Bloomberg reported that Malaysia’s Plantation Industries and Commodities Ministry will launch a project under the national Covid inoculation programme that will focus on achieving herd immunity among palm oil workers. The project will first be rolled out in Selangor for about 5,000 workers. The vaccines will be supplied by the government but companies must fund the costs of the vaccine dispensing centres, medical supplies, doctors, nurses and allowances for the volunteers.
Reuters reported that Chinese state-owned importers bought at least eight cargo shipments or 480,000 tonnes of US soybeans two weeks ago. This was the largest purchase of US soybeans in four and a half months. China had slowed its US soybean purchases in recent months as cheaper shipments of newly harvested Brazilian soybeans became available and as US soybean prices soared to the highest in about eight and a half years. China has largely focused on feed grain purchases from the US this spring, booking record volumes of US corn and sorghum as China’s domestic corn prices rose to historic highs.
Jakarta Globe cited the Indonesian Palm Oil Association (GAPKI) as saying that market restrictions in the EU continued to be the main hurdle for Indonesian palm oil exports in the past three years despite ongoing negotiations and efforts at the World Trade Organization. An official with GAPKI said that the country must not give in and it needs persistent and tough negotiators.

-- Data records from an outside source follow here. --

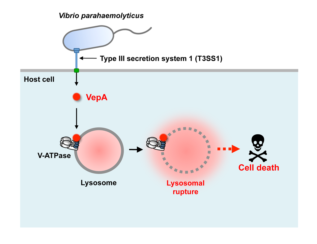 Vibrio parahaemolyticus, a causative bacterium of food-borne illness, induces host cell death during infection. VepA, an effector secreted via the type III secretion system 1, is essential for the cell death, but the mechanism of action of VepA was unclear. In this study, we demonstrated that VepA targets one of the subunits of vacuolar H+-ATPase (V-ATPase) using a yeast genome-wide screening system. We also found that VepA ruptures the lysosomes of host cells, where V-ATPases are highly expressed. Our findings suggest that a bacterial virulence factor targets lysosomes and induces subsequent cell death.
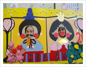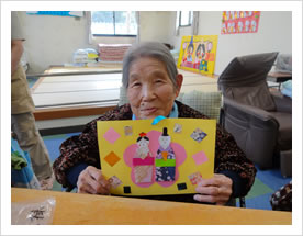 ひな人形の壁かけ飾りを作りました。「女雛だからね!」と着付けを意識され、お雛様の肩をなで型に折るなど工夫される方もおり感動でした。顔出しパネルでの撮影時はじゃんけんで役を決め、お内裏様には「ひげ」を、お雛様には「つけまつげと大きな唇」をつけて頂き、より魅力的に?撮れました。
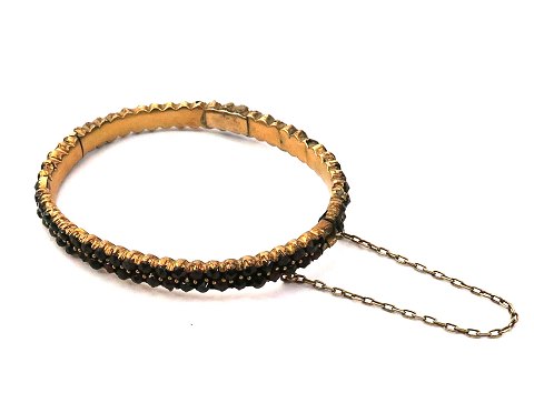 Armlænke af forgyldt metal, prydet med 2 rækker granater
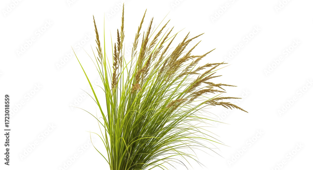 Isolated decorative ornamental grass plant, tufted perennial herb with linear leaves, no background

Another official admitted that he does not expect an immediate settlement with the EU. He added that the EU has stated that it does not have a timetable for concluding negotiations and as such, “this may take forever”.
Reuters reported that US merchant refiners have amassed up to a US$1.6bil shortfall in the credits needed to comply with the US biofuel law, an apparent bet that the Biden administration will let them off the hook or that credit prices will fall. The big liability among the refiners comes as the Biden administration considers granting oil refiners, relief from their biofuel mandates amid soaring credit costs and economic turmoil from the coronavirus pandemic that has hurt the fuel industry. Under the US Renewable Fuel Standard programme, refiners must blend billions of gallons of biofuels like ethanol into their fuel or buy compliance credits.
In a related development, Bloomberg cited an oil refiners trade group as saying that the cost of complying with a federal mandate to blend biofuels into gasoline and diesel is skyrocketing and could reach US$30.5bil in 2021F. The American Fuel and Petrochemical Manufacturers based its analysis largely on recent record high prices for tradeable credits known as Renewable Identification numbers. On a per gallon basis, the RFS (Renewable Fuel Standard) compliance could add as much as 23 cents to the cost of wholesale fuel production.